RFC: Epsilon GC JEP

Tue Jul 18 15:22:50 UTC 2017

On 07/18/2017 03:26 PM, Aleksey Shipilev wrote:
> On 07/18/2017 02:37 PM, Erik Helin wrote:
>>> [1] https://shipilev.net/jvm-anatomy-park/11-moving-gc-locality
>>> [2] https://shipilev.net/jvm-anatomy-park/13-intergenerational-barriers
>>> [3] Also, remember the reason for UseCondCardMark
>>> [4] Also, remember the whole thing about G1 barriers
>>
>> Absolutely, barriers can come with an overhead. But a barrier that consists of
>> dirtying a card does not come with a quite high overhead. In fact, it comes with
>> a very low overhead :)
>
> Mhm! "Low" is in the eye of beholder. You can't beat zero overhead. And there
> are people who literally count instructions on their hot paths, while still
> developing in Java.
>
> Let me ask you a trick question: how do you *know* the card mark overhead is
> small, if you don't have a no-barrier GC to compare against?

There is no need for trick questions. Aleksey, we are working towards 
the same goal: making OpenJDK's GCs better. That doesn't mean we can't 
have different opinions on a few topics.

You of course know the cost a GC barrier by measuring it. You measure it 
by constructing a build where you do not emit the barriers and compare 
it to a build where you do. Again, I have already said that I can see 
your work being useful for other JVM developers.

>>>> - why do you think Epsilon GC is a good baseline? IMHO, no barriers is
>>>>   not the perfect baseline, since it is just a theoretical exercise.
>>>>   Just cranking up the heap and using Serial is more realistic
>>>>   baseline, but even using that as a baseline is questionable.
>>>
>>> It sometimes is. Non-generational GC is a good baseline for some workloads. Even
>>> Serial does not cut it, because even if you crank up old and trim down young,
>>> there is no way to disable reference write barrier store that maintains card
>>> tables.
>>
>> I will still point out though that a GC without a barrier is still just a
>> theoretical baseline. One could imagine a single-gen mark-compact GC for OpenJDK
>> (that would require no barriers), but AFAIK almost all users prefer the slight
>> overhead of dirtying a card (and in return get a generational GC) for the use
>> cases where a single-gen mark-compact algorithm would be applicable.
>
> Mark-compact, maybe.
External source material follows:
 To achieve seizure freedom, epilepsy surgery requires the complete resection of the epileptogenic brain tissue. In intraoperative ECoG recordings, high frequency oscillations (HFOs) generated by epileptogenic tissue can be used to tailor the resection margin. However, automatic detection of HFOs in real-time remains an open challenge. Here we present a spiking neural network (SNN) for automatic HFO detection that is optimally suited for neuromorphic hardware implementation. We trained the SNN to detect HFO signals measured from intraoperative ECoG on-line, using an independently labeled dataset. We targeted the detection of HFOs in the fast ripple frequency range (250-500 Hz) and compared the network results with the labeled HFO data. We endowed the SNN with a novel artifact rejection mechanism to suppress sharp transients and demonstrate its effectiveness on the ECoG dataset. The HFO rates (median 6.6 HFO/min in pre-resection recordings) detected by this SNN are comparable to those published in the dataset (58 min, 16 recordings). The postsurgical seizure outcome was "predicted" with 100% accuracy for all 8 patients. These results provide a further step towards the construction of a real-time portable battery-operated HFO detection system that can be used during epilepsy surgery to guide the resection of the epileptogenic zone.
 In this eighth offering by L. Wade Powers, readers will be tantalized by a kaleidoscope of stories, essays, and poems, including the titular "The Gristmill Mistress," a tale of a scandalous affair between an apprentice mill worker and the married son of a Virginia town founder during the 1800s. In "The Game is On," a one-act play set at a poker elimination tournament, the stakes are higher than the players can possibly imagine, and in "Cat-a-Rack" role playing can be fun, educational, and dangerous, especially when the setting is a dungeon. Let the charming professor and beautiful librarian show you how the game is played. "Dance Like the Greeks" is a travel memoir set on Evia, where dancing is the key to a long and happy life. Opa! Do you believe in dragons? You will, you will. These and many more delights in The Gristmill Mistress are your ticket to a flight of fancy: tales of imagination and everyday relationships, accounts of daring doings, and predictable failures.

But single-gen mark-sweep algorithms are plenty, see e.g.
> Go runtime. I have hard time seeing how is that theoretical.

That is not what I said. As I wrote above:

 > but AFAIK almost all users prefer the slight
 > overhead of dirtying a card (and in return get a generational GC) for
 > the use cases where a single-gen mark-compact algorithm would be
 > applicable.

There are of course use cases for single-gen mark-sweep algorithms, and 
as I write above, for single-gen mark-compact algorithms as well. But 
for Java, and OpenJDK, at least it is my understanding that most users 
prefer a generational algorithm like Serial compared to a single-gen 
mark-compact algorithm (at least I have not seen a lot of users asking 
for that). But maybe I'm missing something here?

This is why I wrote, and still think, that a GC without a barrier for 
Java seems more like a theoretical baseline. There are of course single 
generational GC algorithms that uses a barrier that it would be very 
interesting to see implemented in OpenJDK (including the great work that 
you and others are doing with Shenandoah).

>> However, again, this might be useful for someone who wants try to do some
>> changes to the JVM GC code. But that, to me, is not enough to expose it to
>> non-JVM developers. It could be useful to have in the source code though, maybe
>> like a --with-jvm-feature kind of thing?
>
> That would go against the maintainability argument, no? Because you will still
> have to maintain the code, *and* it will require building a special JVM flavor.
> So it is a lose-lose: neither users get it, nor maintainers have simpler lives.

No, I don't view it that way. Having the code in the upstream repository 
and having it exposed in binary builds are two very different things to 
me, and comes with very different requirements in terms of maintenance. 
If the code is in the upstream repository, then it is a tool for 
developers working in OpenJDK and for integrators building OpenJDK. We 
have a much easier time changing such code compared to code that users 
have come to rely on (and expect certain behavior from).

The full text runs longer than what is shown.